__Activity__.
Write out the entire listing below exactly as it appears, minus any pictures.

__Provided data__.
* * * * * * *

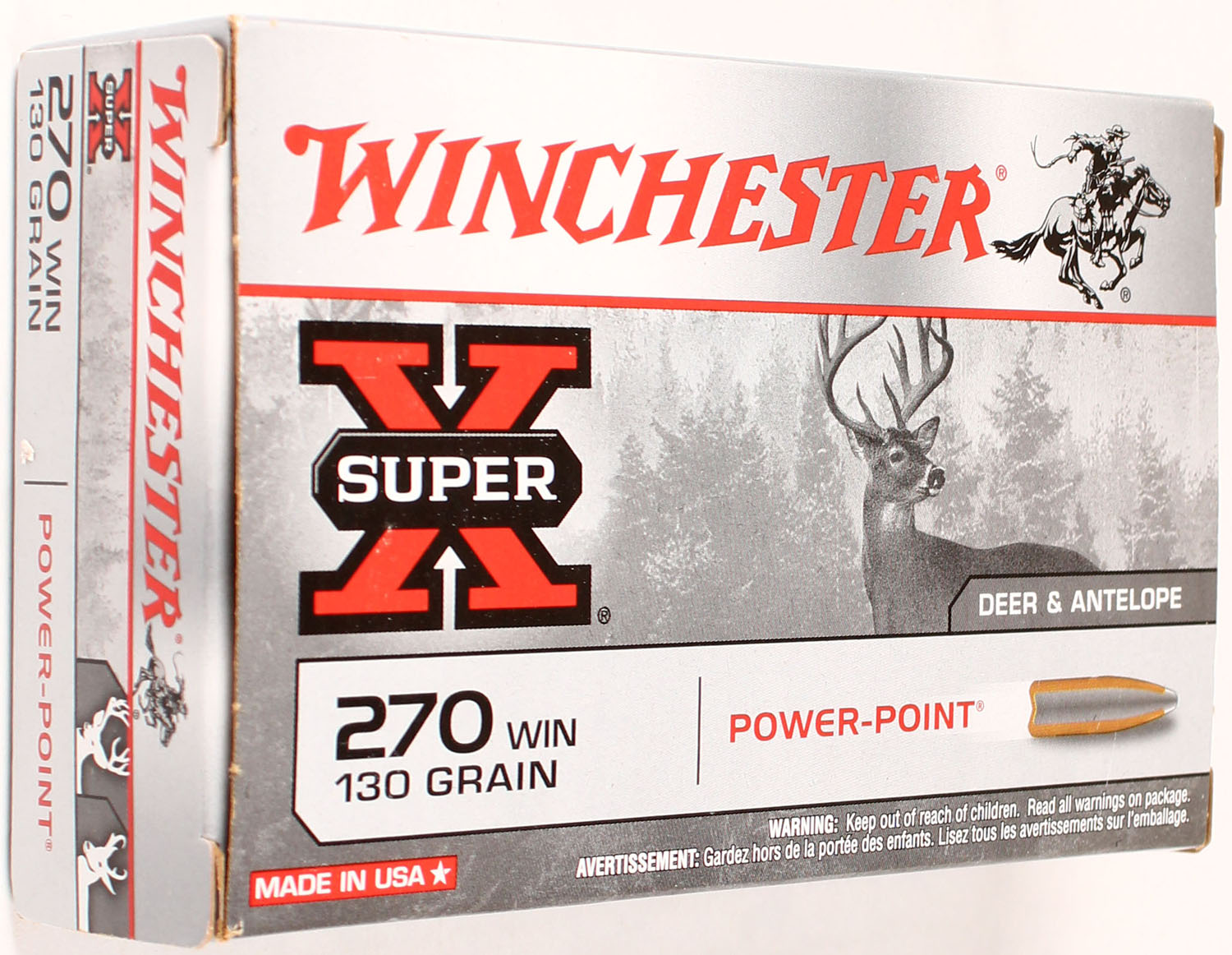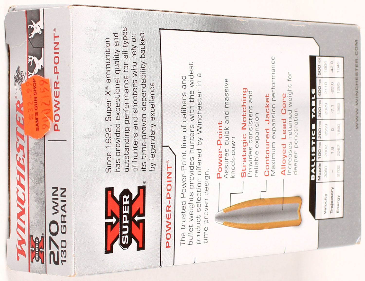 Winchester, Super-X, 270 Win, 130 Grain Power-Point, Full, 1pc., Multi-colored box, box is solid with great color, Ammo is excellent. Grade: Excellent + - Value: 20 to 80
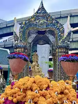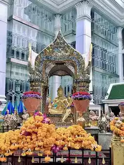 In the early morning streets of Bangkok, amidst the hustle and bustle, lies a serene place—the Erawan Shrine. Approaching the resplendent statue, one can feel the solemn atmosphere permeating the air. Nestled in a bustling commercial district, the Erawan Shrine exudes a tranquil power, drawing countless devotees and tourists to worship and pray.
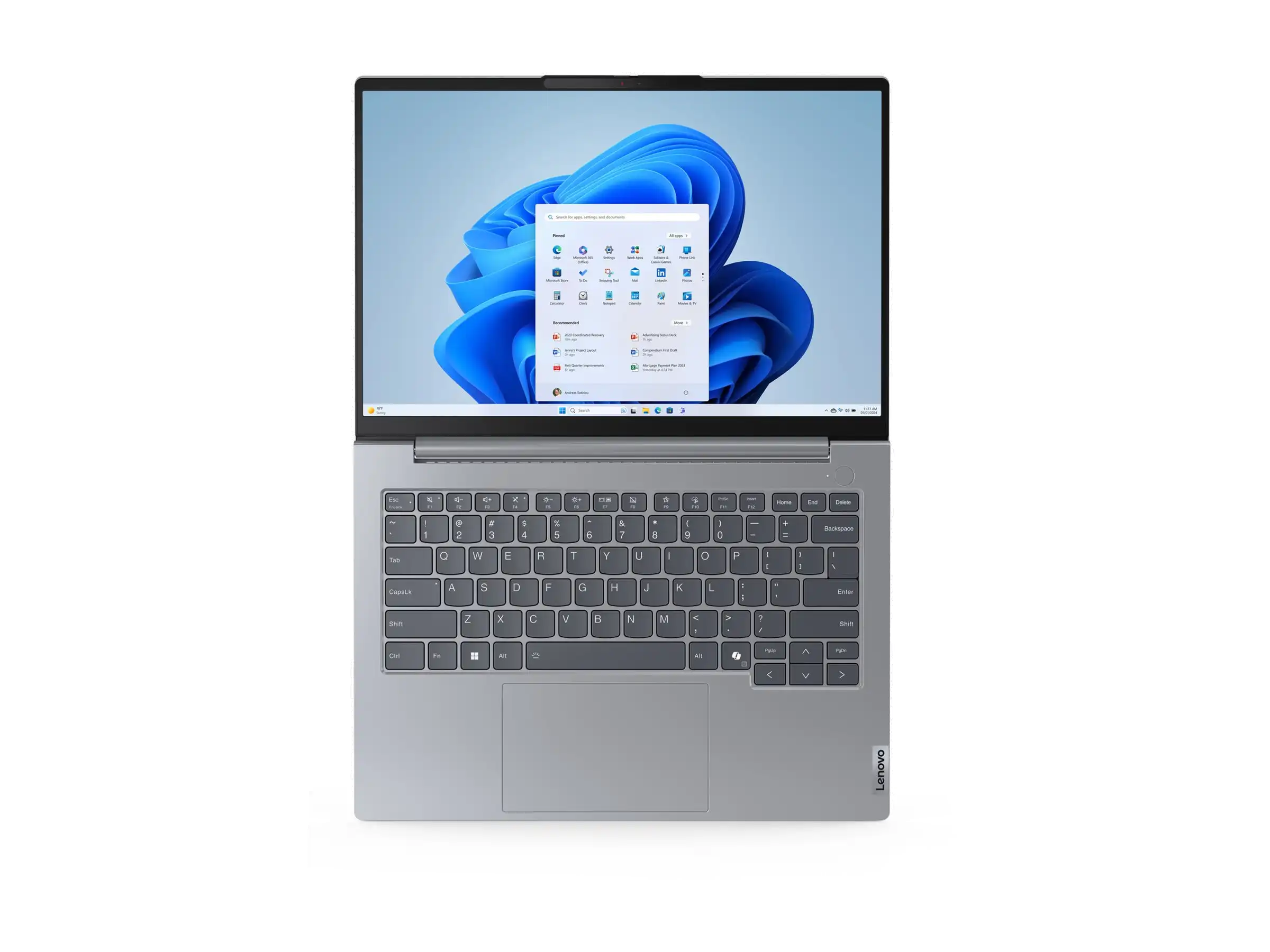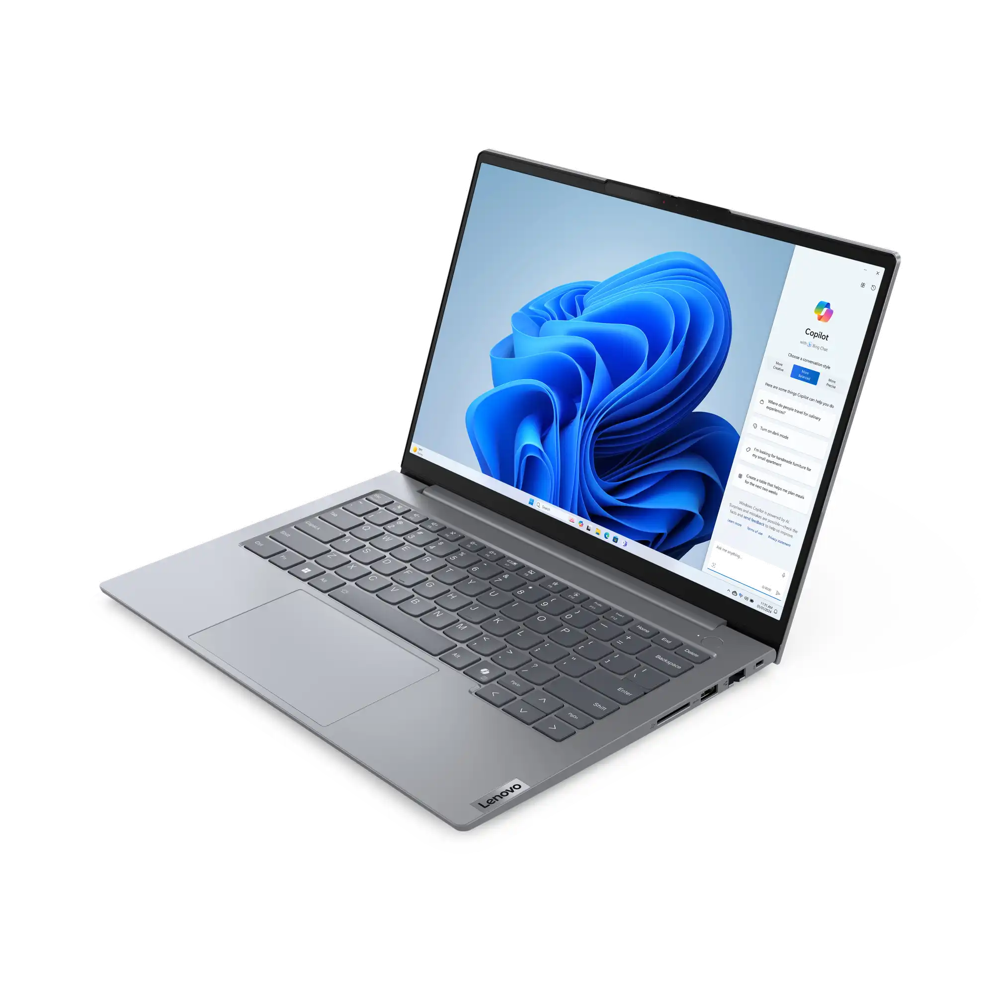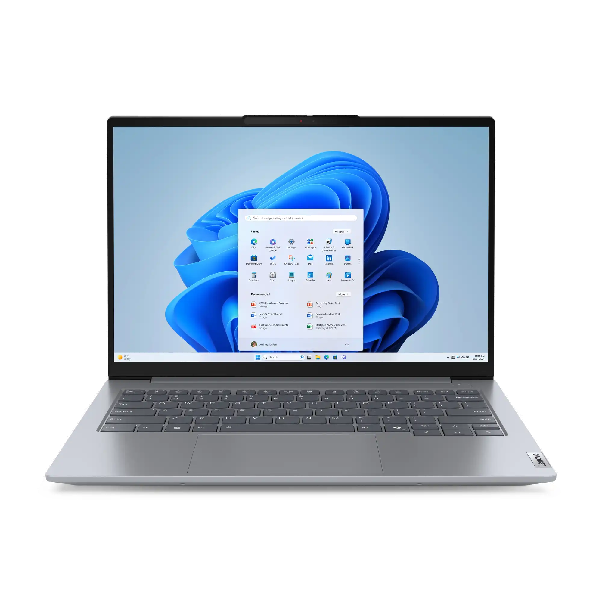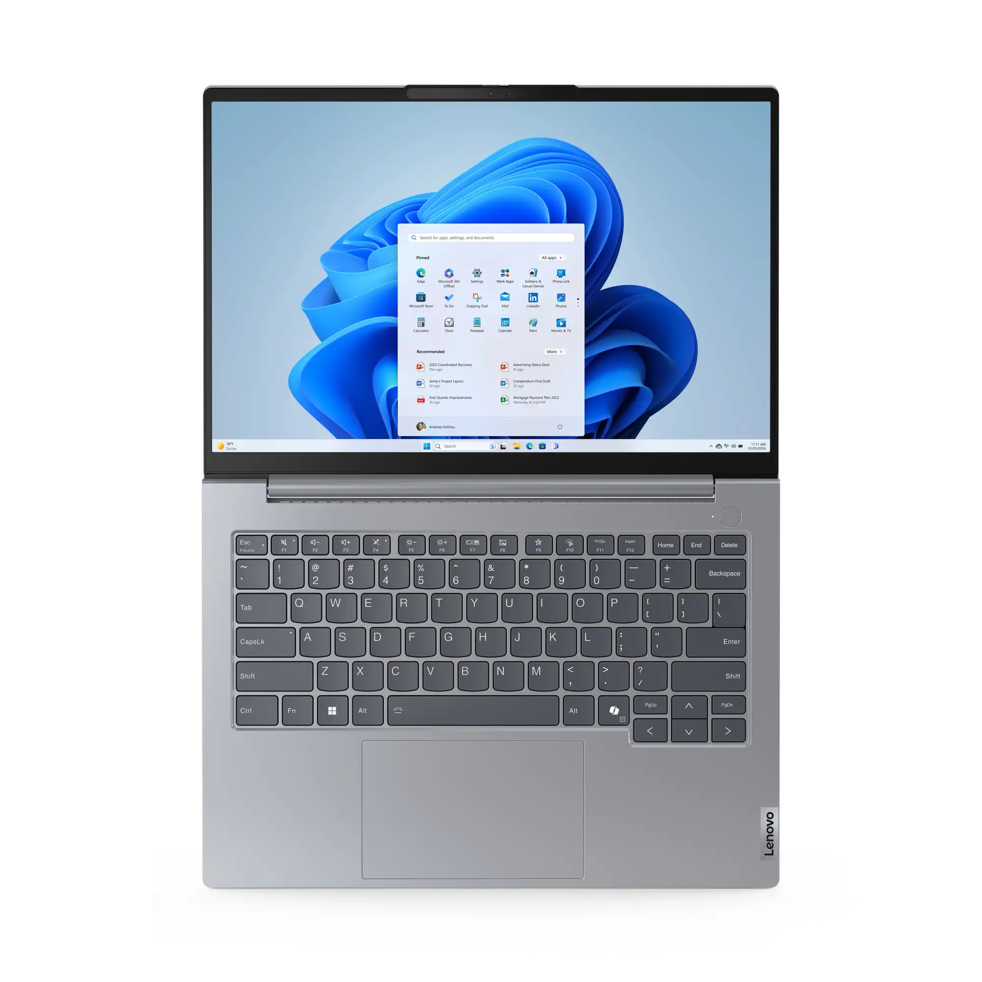 Schlank und modern Das ThinkBook 14 Gen 7 Notebook strahlt Eleganz und Professionalität aus und verfügt über ein seidiges Aluminiumgehäuse in der modernen Farbe„Artic Grey". Bei der Tastatur haben wir besonderen Wert auf Komfort und Genauigkeit gelegt: Sie hat geschwungene Tastenkappen, die sich perfekt an Ihre Finger anpassen und ein natürliches, ergonomisches Tipperlebnis bieten. LED-Statusleuchten an den Lautsprecher- und Mikrofontasten erleichtern die Steuerung Ihrer Audioeinstellungen und sorgen dafür, dass Sie gehört werden, wenn Sie sprechen.

* * * * * * *

__Result for this task__.
 Winchester, Super-X, 270 Win, 130 Grain Power-Point, Full, 1pc., Multi-colored box, box is solid with great color, Ammo is excellent. Grade: Excellent + - Value: 20 to 80
 In the early morning streets of Bangkok, amidst the hustle and bustle, lies a serene place—the Erawan Shrine. Approaching the resplendent statue, one can feel the solemn atmosphere permeating the air. Nestled in a bustling commercial district, the Erawan Shrine exudes a tranquil power, drawing countless devotees and tourists to worship and pray.
 Schlank und modern Das ThinkBook 14 Gen 7 Notebook strahlt Eleganz und Professionalität aus und verfügt über ein seidiges Aluminiumgehäuse in der modernen Farbe„Artic Grey". Bei der Tastatur haben wir besonderen Wert auf Komfort und Genauigkeit gelegt: Sie hat geschwungene Tastenkappen, die sich perfekt an Ihre Finger anpassen und ein natürliches, ergonomisches Tipperlebnis bieten. LED-Statusleuchten an den Lautsprecher- und Mikrofontasten erleichtern die Steuerung Ihrer Audioeinstellungen und sorgen dafür, dass Sie gehört werden, wenn Sie sprechen.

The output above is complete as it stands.